#### Task instructions
The answer must be an exact restatement of all the data.
◆ ◆ ◆
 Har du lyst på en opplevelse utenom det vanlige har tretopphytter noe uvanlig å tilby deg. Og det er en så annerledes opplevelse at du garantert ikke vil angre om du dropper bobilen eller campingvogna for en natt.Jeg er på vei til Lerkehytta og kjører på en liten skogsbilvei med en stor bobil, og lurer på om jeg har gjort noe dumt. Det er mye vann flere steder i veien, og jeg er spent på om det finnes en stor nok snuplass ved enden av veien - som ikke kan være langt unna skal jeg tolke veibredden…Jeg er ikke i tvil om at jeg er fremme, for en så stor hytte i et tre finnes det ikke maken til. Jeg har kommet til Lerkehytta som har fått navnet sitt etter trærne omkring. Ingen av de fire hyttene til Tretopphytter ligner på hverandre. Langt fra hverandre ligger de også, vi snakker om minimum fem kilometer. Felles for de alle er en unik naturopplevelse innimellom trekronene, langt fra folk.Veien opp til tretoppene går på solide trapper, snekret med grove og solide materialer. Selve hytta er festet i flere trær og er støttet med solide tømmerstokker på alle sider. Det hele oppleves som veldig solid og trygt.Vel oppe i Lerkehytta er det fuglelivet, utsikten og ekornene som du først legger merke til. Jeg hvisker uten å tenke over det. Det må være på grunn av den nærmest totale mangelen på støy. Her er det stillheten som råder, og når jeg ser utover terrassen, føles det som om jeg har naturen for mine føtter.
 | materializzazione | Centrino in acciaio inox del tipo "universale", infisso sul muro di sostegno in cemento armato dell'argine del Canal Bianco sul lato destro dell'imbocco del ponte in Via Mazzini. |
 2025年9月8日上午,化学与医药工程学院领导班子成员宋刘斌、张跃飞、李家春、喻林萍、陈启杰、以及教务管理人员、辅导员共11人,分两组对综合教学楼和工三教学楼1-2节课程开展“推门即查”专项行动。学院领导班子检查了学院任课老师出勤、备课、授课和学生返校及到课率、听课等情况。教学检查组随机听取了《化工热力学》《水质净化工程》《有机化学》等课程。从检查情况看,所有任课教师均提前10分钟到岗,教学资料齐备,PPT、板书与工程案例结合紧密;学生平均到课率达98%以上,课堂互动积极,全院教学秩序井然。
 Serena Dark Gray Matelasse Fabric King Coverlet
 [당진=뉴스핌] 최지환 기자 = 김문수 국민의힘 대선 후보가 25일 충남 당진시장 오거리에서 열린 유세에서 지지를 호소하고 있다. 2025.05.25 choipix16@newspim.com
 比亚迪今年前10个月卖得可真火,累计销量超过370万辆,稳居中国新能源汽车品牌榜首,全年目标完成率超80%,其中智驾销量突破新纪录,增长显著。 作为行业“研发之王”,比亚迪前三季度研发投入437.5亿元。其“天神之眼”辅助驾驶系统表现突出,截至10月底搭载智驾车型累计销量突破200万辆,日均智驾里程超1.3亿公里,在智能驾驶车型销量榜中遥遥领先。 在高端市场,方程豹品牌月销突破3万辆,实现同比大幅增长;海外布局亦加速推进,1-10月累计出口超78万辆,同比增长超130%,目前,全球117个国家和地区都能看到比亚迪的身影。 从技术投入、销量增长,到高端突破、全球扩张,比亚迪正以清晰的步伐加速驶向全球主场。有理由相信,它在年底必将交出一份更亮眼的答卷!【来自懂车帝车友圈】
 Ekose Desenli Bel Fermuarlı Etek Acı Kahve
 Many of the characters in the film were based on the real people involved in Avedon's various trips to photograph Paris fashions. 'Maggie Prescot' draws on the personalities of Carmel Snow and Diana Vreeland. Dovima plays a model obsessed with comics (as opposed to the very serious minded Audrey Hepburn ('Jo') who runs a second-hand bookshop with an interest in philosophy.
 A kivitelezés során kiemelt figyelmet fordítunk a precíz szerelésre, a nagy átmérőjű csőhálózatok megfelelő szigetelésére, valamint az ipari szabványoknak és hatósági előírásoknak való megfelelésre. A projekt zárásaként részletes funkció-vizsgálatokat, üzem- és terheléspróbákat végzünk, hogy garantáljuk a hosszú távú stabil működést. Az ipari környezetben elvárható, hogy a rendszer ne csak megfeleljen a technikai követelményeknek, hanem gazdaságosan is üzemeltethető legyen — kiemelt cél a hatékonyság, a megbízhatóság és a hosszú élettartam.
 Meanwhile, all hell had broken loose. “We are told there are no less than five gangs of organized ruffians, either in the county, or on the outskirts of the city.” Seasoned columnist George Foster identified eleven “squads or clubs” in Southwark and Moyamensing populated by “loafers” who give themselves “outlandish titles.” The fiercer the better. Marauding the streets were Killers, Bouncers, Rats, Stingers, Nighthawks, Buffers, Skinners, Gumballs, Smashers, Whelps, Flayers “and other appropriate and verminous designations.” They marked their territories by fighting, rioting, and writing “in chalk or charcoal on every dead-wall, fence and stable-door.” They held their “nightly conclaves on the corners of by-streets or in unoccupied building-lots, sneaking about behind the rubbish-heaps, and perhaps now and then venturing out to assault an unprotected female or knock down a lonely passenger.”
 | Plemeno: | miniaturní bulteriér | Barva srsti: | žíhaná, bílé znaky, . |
◆ ◆ ◆
#### Response area
 Har du lyst på en opplevelse utenom det vanlige har tretopphytter noe uvanlig å tilby deg. Og det er en så annerledes opplevelse at du garantert ikke vil angre om du dropper bobilen eller campingvogna for en natt.Jeg er på vei til Lerkehytta og kjører på en liten skogsbilvei med en stor bobil, og lurer på om jeg har gjort noe dumt. Det er mye vann flere steder i veien, og jeg er spent på om det finnes en stor nok snuplass ved enden av veien - som ikke kan være langt unna skal jeg tolke veibredden…Jeg er ikke i tvil om at jeg er fremme, for en så stor hytte i et tre finnes det ikke maken til. Jeg har kommet til Lerkehytta som har fått navnet sitt etter trærne omkring. Ingen av de fire hyttene til Tretopphytter ligner på hverandre. Langt fra hverandre ligger de også, vi snakker om minimum fem kilometer. Felles for de alle er en unik naturopplevelse innimellom trekronene, langt fra folk.Veien opp til tretoppene går på solide trapper, snekret med grove og solide materialer. Selve hytta er festet i flere trær og er støttet med solide tømmerstokker på alle sider. Det hele oppleves som veldig solid og trygt.Vel oppe i Lerkehytta er det fuglelivet, utsikten og ekornene som du først legger merke til. Jeg hvisker uten å tenke over det. Det må være på grunn av den nærmest totale mangelen på støy. Her er det stillheten som råder, og når jeg ser utover terrassen, føles det som om jeg har naturen for mine føtter.
 | materializzazione | Centrino in acciaio inox del tipo "universale", infisso sul muro di sostegno in cemento armato dell'argine del Canal Bianco sul lato destro dell'imbocco del ponte in Via Mazzini. |
 2025年9月8日上午,化学与医药工程学院领导班子成员宋刘斌、张跃飞、李家春、喻林萍、陈启杰、以及教务管理人员、辅导员共11人,分两组对综合教学楼和工三教学楼1-2节课程开展“推门即查”专项行动。学院领导班子检查了学院任课老师出勤、备课、授课和学生返校及到课率、听课等情况。教学检查组随机听取了《化工热力学》《水质净化工程》《有机化学》等课程。从检查情况看,所有任课教师均提前10分钟到岗,教学资料齐备,PPT、板书与工程案例结合紧密;学生平均到课率达98%以上,课堂互动积极,全院教学秩序井然。
 Serena Dark Gray Matelasse Fabric King Coverlet
 [당진=뉴스핌] 최지환 기자 = 김문수 국민의힘 대선 후보가 25일 충남 당진시장 오거리에서 열린 유세에서 지지를 호소하고 있다. 2025.05.25 choipix16@newspim.com
 比亚迪今年前10个月卖得可真火,累计销量超过370万辆,稳居中国新能源汽车品牌榜首,全年目标完成率超80%,其中智驾销量突破新纪录,增长显著。 作为行业“研发之王”,比亚迪前三季度研发投入437.5亿元。其“天神之眼”辅助驾驶系统表现突出,截至10月底搭载智驾车型累计销量突破200万辆,日均智驾里程超1.3亿公里,在智能驾驶车型销量榜中遥遥领先。 在高端市场,方程豹品牌月销突破3万辆,实现同比大幅增长;海外布局亦加速推进,1-10月累计出口超78万辆,同比增长超130%,目前,全球117个国家和地区都能看到比亚迪的身影。 从技术投入、销量增长,到高端突破、全球扩张,比亚迪正以清晰的步伐加速驶向全球主场。有理由相信,它在年底必将交出一份更亮眼的答卷!【来自懂车帝车友圈】
 Ekose Desenli Bel Fermuarlı Etek Acı Kahve
 Many of the characters in the film were based on the real people involved in Avedon's various trips to photograph Paris fashions. 'Maggie Prescot' draws on the personalities of Carmel Snow and Diana Vreeland. Dovima plays a model obsessed with comics (as opposed to the very serious minded Audrey Hepburn ('Jo') who runs a second-hand bookshop with an interest in philosophy.
 A kivitelezés során kiemelt figyelmet fordítunk a precíz szerelésre, a nagy átmérőjű csőhálózatok megfelelő szigetelésére, valamint az ipari szabványoknak és hatósági előírásoknak való megfelelésre. A projekt zárásaként részletes funkció-vizsgálatokat, üzem- és terheléspróbákat végzünk, hogy garantáljuk a hosszú távú stabil működést. Az ipari környezetben elvárható, hogy a rendszer ne csak megfeleljen a technikai követelményeknek, hanem gazdaságosan is üzemeltethető legyen — kiemelt cél a hatékonyság, a megbízhatóság és a hosszú élettartam.
 Meanwhile, all hell had broken loose. “We are told there are no less than five gangs of organized ruffians, either in the county, or on the outskirts of the city.” Seasoned columnist George Foster identified eleven “squads or clubs” in Southwark and Moyamensing populated by “loafers” who give themselves “outlandish titles.” The fiercer the better. Marauding the streets were Killers, Bouncers, Rats, Stingers, Nighthawks, Buffers, Skinners, Gumballs, Smashers, Whelps, Flayers “and other appropriate and verminous designations.” They marked their territories by fighting, rioting, and writing “in chalk or charcoal on every dead-wall, fence and stable-door.” They held their “nightly conclaves on the corners of by-streets or in unoccupied building-lots, sneaking about behind the rubbish-heaps, and perhaps now and then venturing out to assault an unprotected female or knock down a lonely passenger.”
 | Plemeno: | miniaturní bulteriér | Barva srsti: | žíhaná, bílé znaky, . |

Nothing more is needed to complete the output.